Data provided:
+++
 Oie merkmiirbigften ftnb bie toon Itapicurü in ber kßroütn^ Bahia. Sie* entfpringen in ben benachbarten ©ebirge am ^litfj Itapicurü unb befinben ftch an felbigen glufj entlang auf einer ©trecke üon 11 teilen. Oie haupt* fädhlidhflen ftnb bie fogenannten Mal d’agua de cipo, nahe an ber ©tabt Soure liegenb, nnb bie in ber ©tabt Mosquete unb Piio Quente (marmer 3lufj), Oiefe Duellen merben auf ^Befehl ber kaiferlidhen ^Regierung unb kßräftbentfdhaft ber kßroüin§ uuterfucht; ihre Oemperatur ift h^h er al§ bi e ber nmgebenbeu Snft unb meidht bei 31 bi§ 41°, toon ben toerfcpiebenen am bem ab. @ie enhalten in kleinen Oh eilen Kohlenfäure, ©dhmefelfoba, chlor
+++
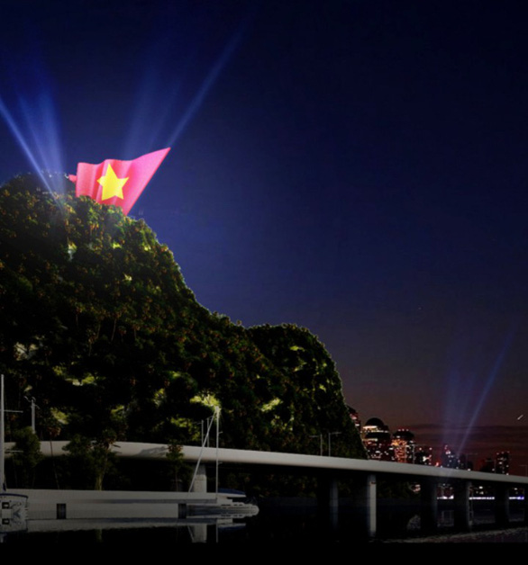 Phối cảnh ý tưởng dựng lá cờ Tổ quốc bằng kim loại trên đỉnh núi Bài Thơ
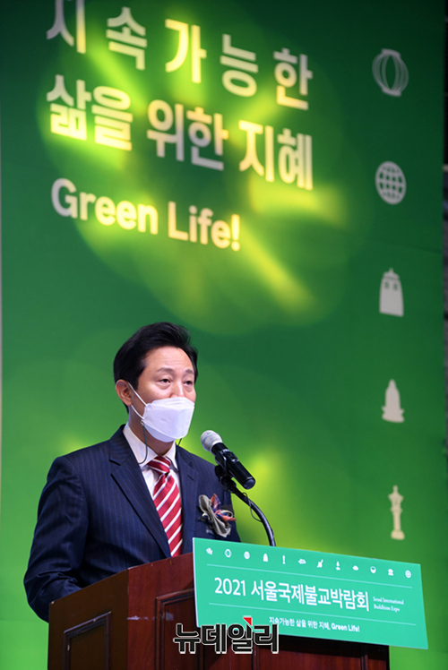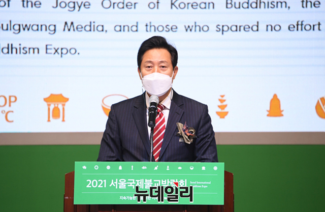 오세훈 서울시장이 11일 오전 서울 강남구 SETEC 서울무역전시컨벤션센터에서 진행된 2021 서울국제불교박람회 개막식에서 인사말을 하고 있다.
+++
Task goal:
Print, exactly and with no pictures, the lines of the listing above starting at the one that has "Phối cảnh ý" and ending at the one that has "오세훈 서울시장이 11일", both included.

Answer section:
 Phối cảnh ý tưởng dựng lá cờ Tổ quốc bằng kim loại trên đỉnh núi Bài Thơ
 오세훈 서울시장이 11일 오전 서울 강남구 SETEC 서울무역전시컨벤션센터에서 진행된 2021 서울국제불교박람회 개막식에서 인사말을 하고 있다.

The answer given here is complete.